(Written for a Tumblr prompt #29: Which one holds the umbrella over both of them when it rains?)
"It's only rain, Hawke," Fenris sniffs when she balks at the open doorway.
Lisbet Hawke frowns and folds her arms over her chest, warding away the chill from outdoors. "Only six days straight of rain, Fenris," she amends.
"And yet, surprisingly, Kirkwall seems none the cleaner for it."
"Maybe after the first day it did," she says, looking over his dripping shoulder into the courtyard, or the puddle that once was a courtyard. "At this point, it's more of a surprise that the whole city hasn't floated away."
"Well, the Hanged Man still stands. Are you coming to Wicked Grace tonight or aren't you?"

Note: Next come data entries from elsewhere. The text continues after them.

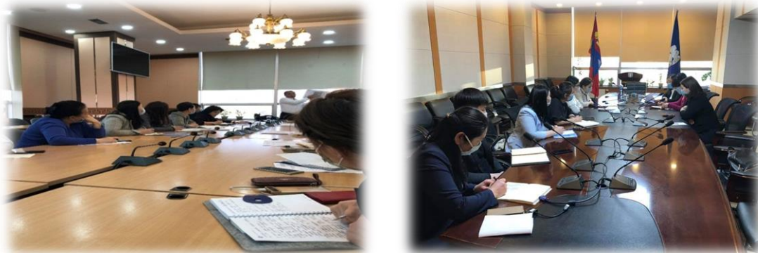
Зураг 1. Байр хариуцсан менежерүүдэд заавар, зөвлөгөө өгч буй байдал

2020 оны 02 дугаар сарын 19-ний өдрийн А/14 дүгээр тушаалын нэгдүгээр хавсралтаар “Өндөржүүлсэн бэлэн байдлын зэрэгт хэсэгчилсэн байдлаар шилжүүлсэн хугацаанд авч хэрэгжүүлэх арга хэмжээний удирдамж”, хоёрдугаар хавсралтаар “Нийслэлийн нийтлэг үйлчилгээний газраас шинэ коронавируст халдварт өвчнөөс урьдчилан сэргийлэх, бэлэн байдлыг хангах үйл ажиллагааны төлөвлөгөө”-г батлан холбогдох удирдлагад үүрэг чиглэл өгч, хариуцсан ажилтан, албан хаагчдаар төлөвлөгөөний хэрэгжилтийг хангуулан, хэрэгжилтэд хяналт тавих зэргээр удирдлага зохион байгуулалтаар ханган ажиллалаа.
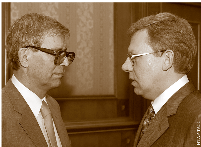
С заместителем председателя правительства А.Л. Кудриным. Заседание правительства России. 13 июня 2002 г.

стало совершенно ясно, что мы не научились прогнозировать и отслеживать состояние банков.
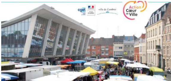
Travaux du Marché Couvert
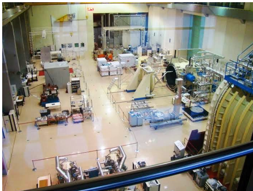
Figura 1 – Hall de Testes do LIT
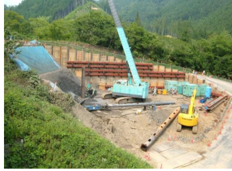
施工予定箇所写真(北から撮影)
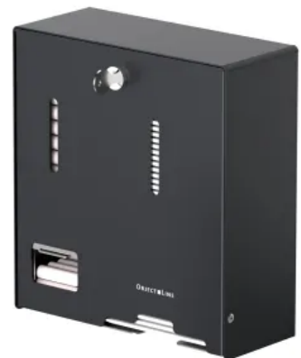
CWS ObjectLine Kombispender für Tampons und Hygienebinden Variante Edelstahl, schwarz pulverbeschichtet, RAL 9005
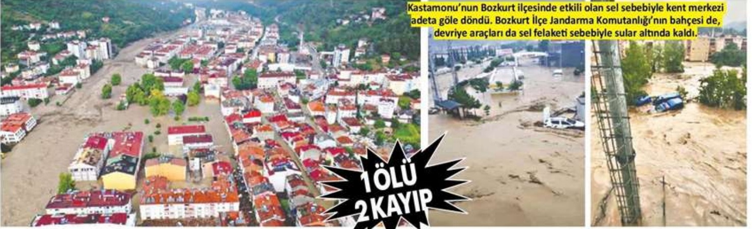
Kastamonu'nun Bozkurt ilçesinde etkili olan sel sebebiyle kent merkezi adeta göle döndü. Bozkurt İlçe Jandarma Komutanlığı'nın bahçesi de, devriye araçları da sel felaketi sebebiyle sular altında kaldı.
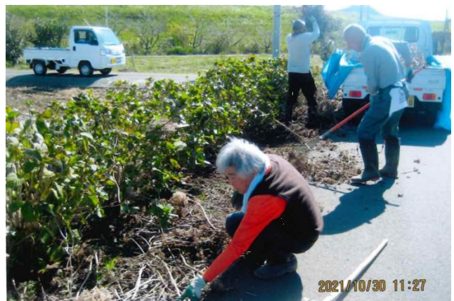
アジサイの剪定の様子
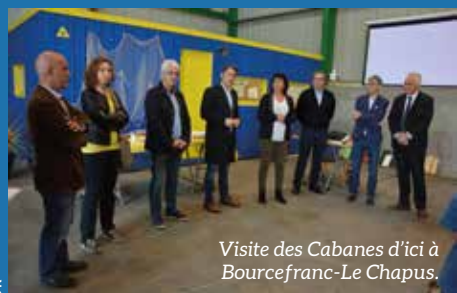
Visite des Cabanes d'ici à Bourcefranc-Le Chapus.

Les élus et le service Développement économique de la CdC vont régulièrement à la rencontre d'entrepreneurs afin de découvrir leurs activités et d'échanger sur leurs éventuelles attentes ou contraintes. Organisées en présence des partenaires économiques locaux, ces visites permettent aussi de présenter les différents acteurs à même d'accompagner les entrepreneurs dans leurs projets.
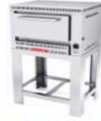
PIZZINO 1 PETIT

Horno a gas, dos gavetas, capacidad total de 10 charolas de 65x45 cm, controlado por 2 termostatos análogos
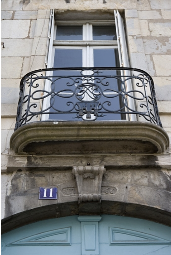
Détail du balcon en fer forgé sur rue avec la porte-fenêtre.

25, Besançon, 11 rue Charles Nodier, lieudit : îlot Banque de France

Lisbet sighs. "Better than another night cooped up here, I suppose." She turns to pull on her boots. "But not without an umbrella, at least! Bodahn, have you seen…"
She turns to find her dwarven manservant waiting, arms laden not just with the umbrella but with a covered basket from which the most delicious smells waft past the rain-scent. "For Wicked Grace night, messere," Bodahn says, holding out the basket toward her. "Orana thought you and your friends would enjoy some of her muffins."

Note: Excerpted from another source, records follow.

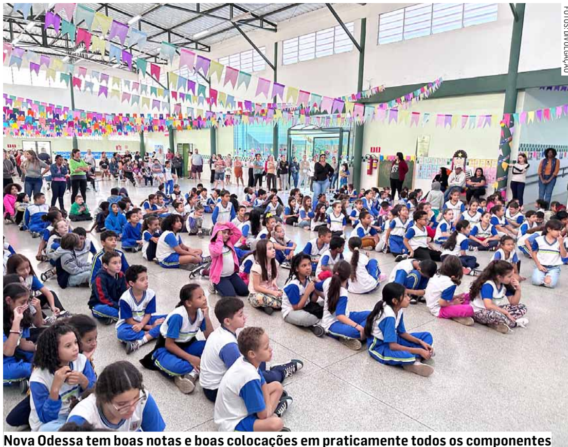
Nova Odessa tem boas notas e boas colocações em praticamente todos os componentes

Nos componentes dos ‘Fundamentos do Bem-Estar’, Nova Odessa conquistou nota 84,53 em Acesso ao Conhecimento Básico, 79,68 em Acesso à Informação e Comunicação, 61,99 em Saúde e Bem-Estar e 75,48 em Qualidade do Meio Ambiente. O único subcomponente em vermelho (relativamente fraco) da cidade está no quesito ‘Obesidade’. Em todos os demais Nova Odessa consta como amarelo (relativamente neutro) ou azul (relativamente forte).
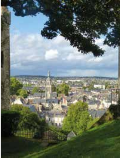
Vue sur la ville du château
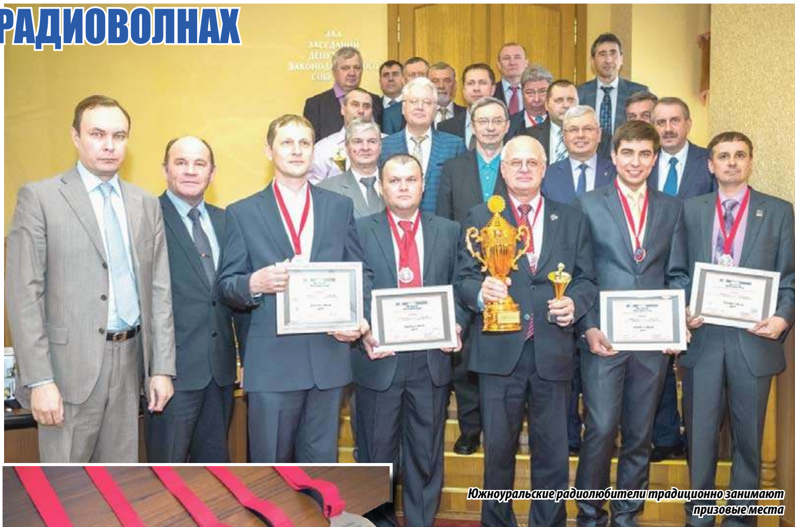
Южноуральские радиолюбители традиционно занимают призовые места

– Наши встречи давно стали доброй традицией, – обратился к радиолюбителям руководитель депутатского кор-
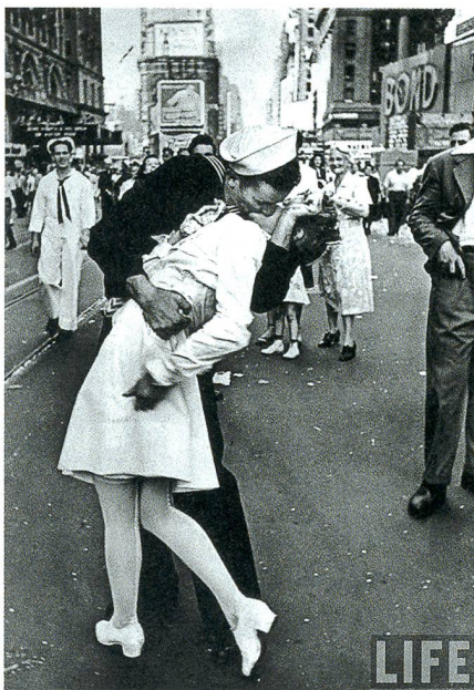
14. August 1945, Times Square, New York.

Es war Victory Day , der Siegestag in den USA. Europa hatte schon am 8./9. Mai 1945 gefeiert, nachdem Hitler-Deutschland

"Indeed we shall," Lisbet says with a smile, filling her arms with the basket, its warmth a shield against the chill of the still-open door. But then she frowns at the umbrella still dangling over the dwarf's arm, her own hands now too full to –
"Allow me," Fenris says, stepping forward to take the umbrella.
"You're already all wet," she points out.

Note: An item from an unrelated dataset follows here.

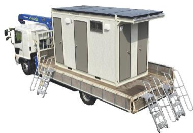
車載型ソーラートイレさざなみ
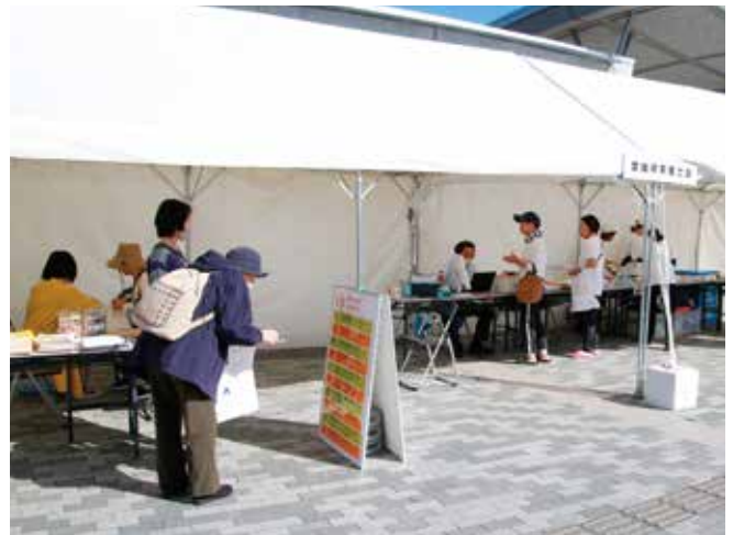
栄養バランスチェック

He shrugs, opening the umbrella and gesturing her under it with a half-smile that distracts her for a moment from the way his soaked hair is dripping over his eyes. "I'd offer to carry the muffins, but then they'd be drenched, too."
So they set out, awkwardly, Hawke and the muffins sheltering under the umbrella that Fenris holds aloft from a cautious distance.
A distance which, somewhere along the way, shrinks until Hawke shivers at the sudden drip of water on her neck where he now hovers near enough to stand under the umbrella with her. Their eyes meet; he starts to back away again, mouth opening with apologies –
"Wait," she says, moving with him, now face to face over steaming sweet muffins.
"I didn't mean to get you wet," he leans away even as she leans closer.
"Admit it," Lisbet grins, not letting the distance grow, not in the least, keeping him in her rain-sheltered circle. "It's nicer under here with me."
He arches an eyebrow. "The rain does not bother me."
"Aha! So it's not the umbrella you were inching towards?" She stifles a giggle when his eyes widen, and it's hard to tell in this downpour but is that a blush spreading behind the waterlogged hair clinging to his face?
Then the half-smile returns as he meets her gaze. "It was not," he confesses, "the muffins."
She laughs outright; when his smile widens at having made her laugh, she leans in past the muffin basket to catch his smile in a kiss. It is a brief and tender thing, without her hands free to reach around his neck, to catch in his hair and pull him in close, but he does not retreat, holding the umbrella as steady above the pair of them as his lips are steady on hers.
In the end, she is somewhat damper than anticipated, but there is a warmth in her bones that chases away the weather's chill, even as they walk on through the streets so close under the umbrella that all that side of her will be damp enough to draw their friends' questions.
The muffins, at least, remain undrenched.